The references in parentheses are to these books , using notations from that list.

Lecture 1 (08/25): introduction (what is mathematical biology); discrete vs. continuous models; SIR model (dV 1.2)

Lecture 2 (08/27): Matlab training, working on homework 1.

Lecture 3 (09/01): Solving general linear homogeneous difference equations (case of distinct real eigenvalues) (EK 1.1,1.3,1.6)

Lecture 4 (09/03): Applications: red blood cells, aphid population, segmental organism (EK 1.9, exercises of chapter 1)

Lecture 5 (09/08): Non-linear first order difference equations, fixed points and stability (analytically and graphically with cobwebbing) (EK 2.1,2.2, 2.5; dV 2.2.2)

Lecture 6 (09/10): Logistic difference equation: building it from data, fixed points and stability (dV 2.2.1, 2.2.2)

Lecture 7 (09/15): Logistic difference equation: bifurcation diagram, periodic solutions, period doubling and chaos (EK 2.4, 2.5; dV 2.2.2-2.2.4)

Lecture 8 (09/17): Systems of non-linear equations. Linearization, fixed points and stability. Review of linear algebra: eigenvalues and eigenvectors of matrices (EK 2.7-2.9,1.4; dV 2.3.2)

Lecture 9 (09/22): Nicholson-Bailey model, Poisson process. (EK 3.2, 3.3; dV 2.3.4)

Lecture 10 (09/24): Application to population genetics. Hardy-Weinberg law (EK 3.6, dV 2.2.5)

End of Midterm 1 material Lecture 11,12 (09/29, 10/01): One-dimensional non-linear continuous systems (EK 5.1, dV 3.1,3.2, extra: St ch2)) Introduction to phase plane analysis, nullclines (EK 5.2-5.5, extra: St ch6))

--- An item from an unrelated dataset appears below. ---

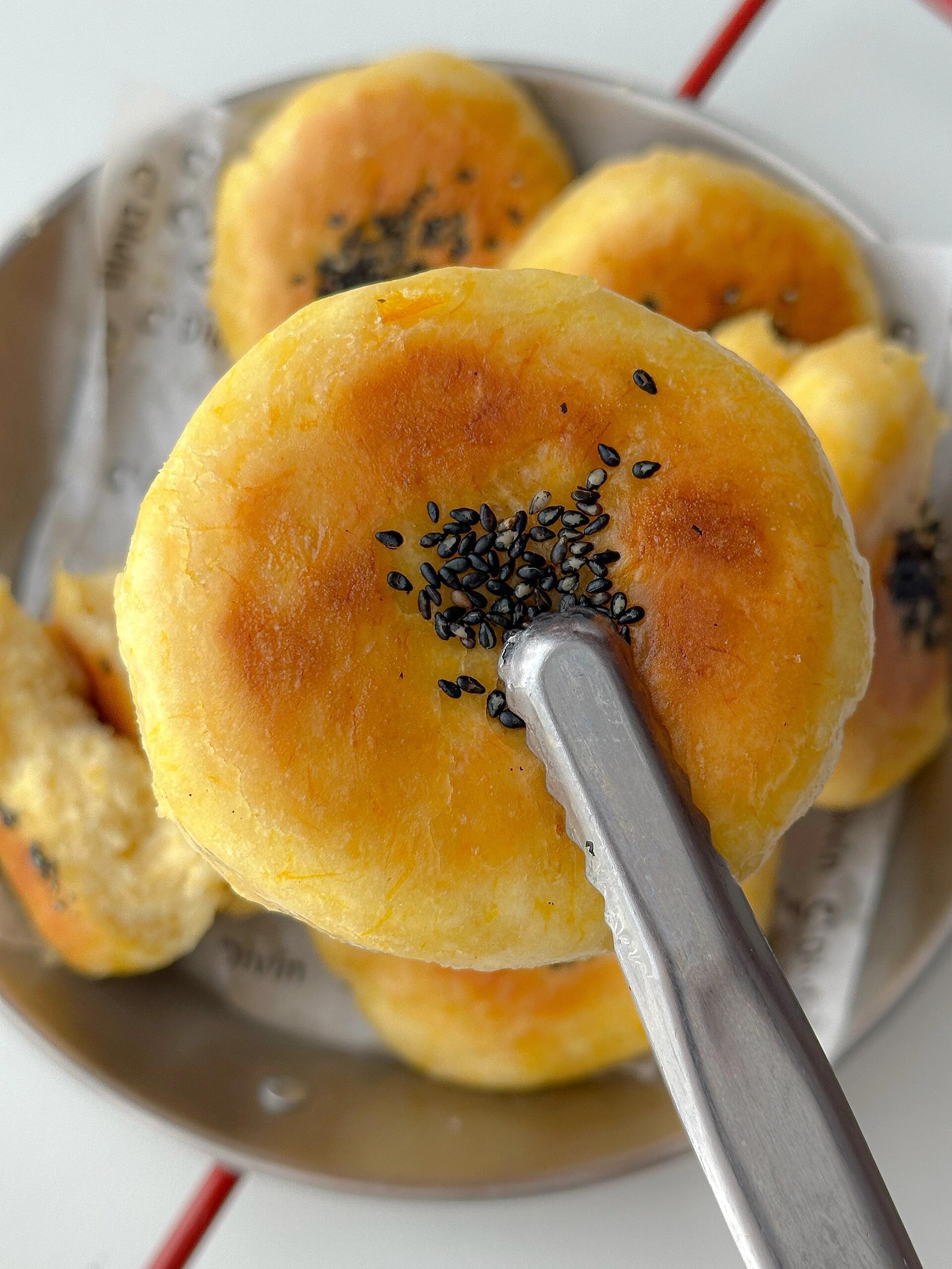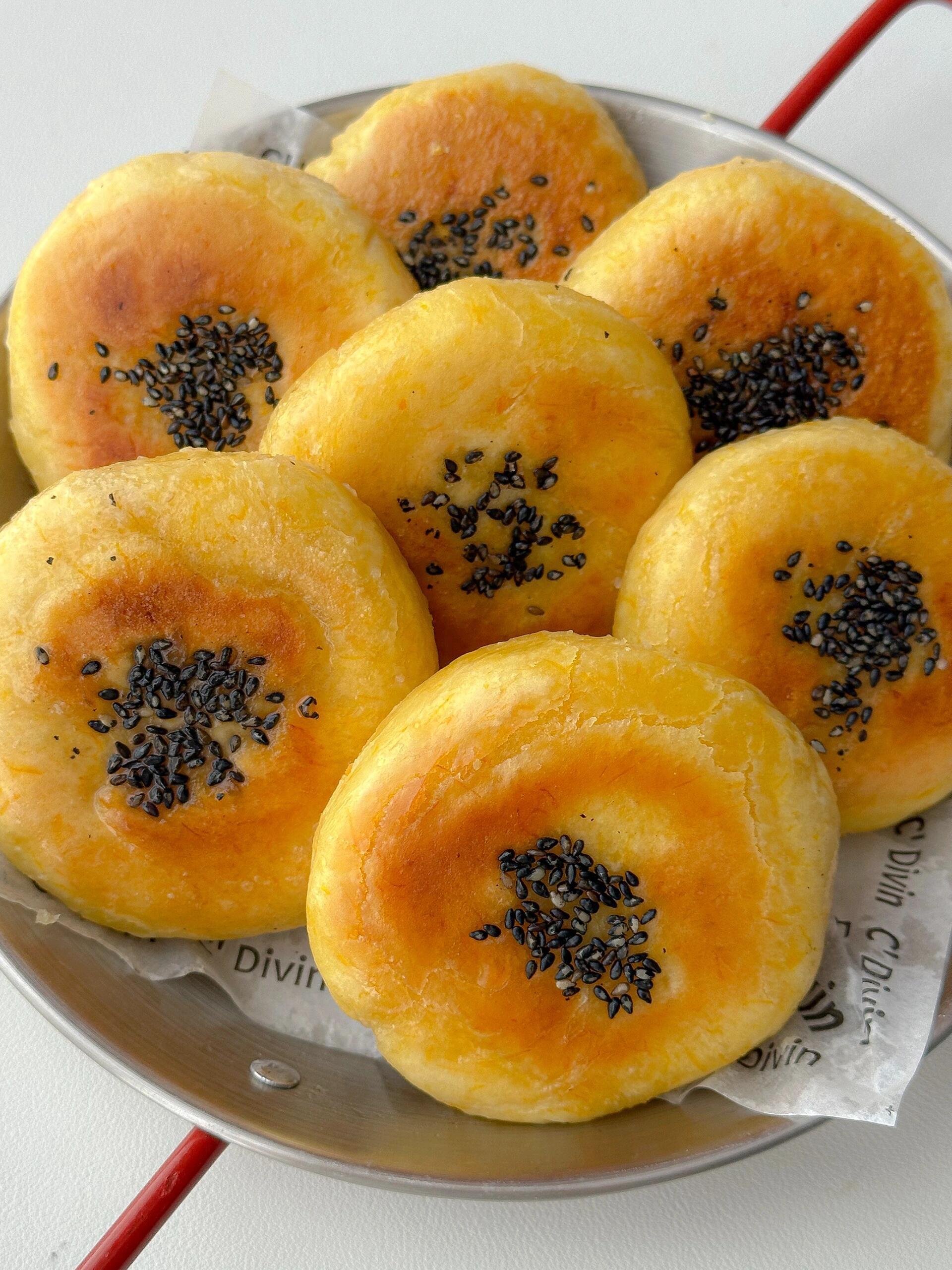 做法:面粉、酵母、白糖、熟南瓜泥搅拌成絮状,揉成面团,盖保鲜膜发酵至两倍大,发酵后的面团排气分成八份,每份剂子搓圆按压成小饼,中间刷水撒上黑芝麻,醒发10分钟后,锅里加油放入饼,小火煎至两面金黄,最后锅里加些水盖盖子焖至水份收干,再烙至酥脆

Lecture 13, 14 (10/20,22) Classification of fixed points in 2-dimensional systems (dV 3.4.1, 3.4.2, EK 5.6-5.9). Examples of SIR model and two-population ineractions model (dV 3.3.2, 3.3.3, 3.4.3, 3.4.4; Ek 6.2, 6.3, 6.6). Discrete models from continuous models (dV 3.6.1)

Lecture 15, 16 (10/27, 29) Bifurcations (dV 3.7, St ch.3, 8.2)

Lecture 17 (11/03) Applications. Cell cycle. Regulation of G1-checkpoint. Based on 13.2.1 of Keener and Sneyd " Mathematical Physiology" chapter .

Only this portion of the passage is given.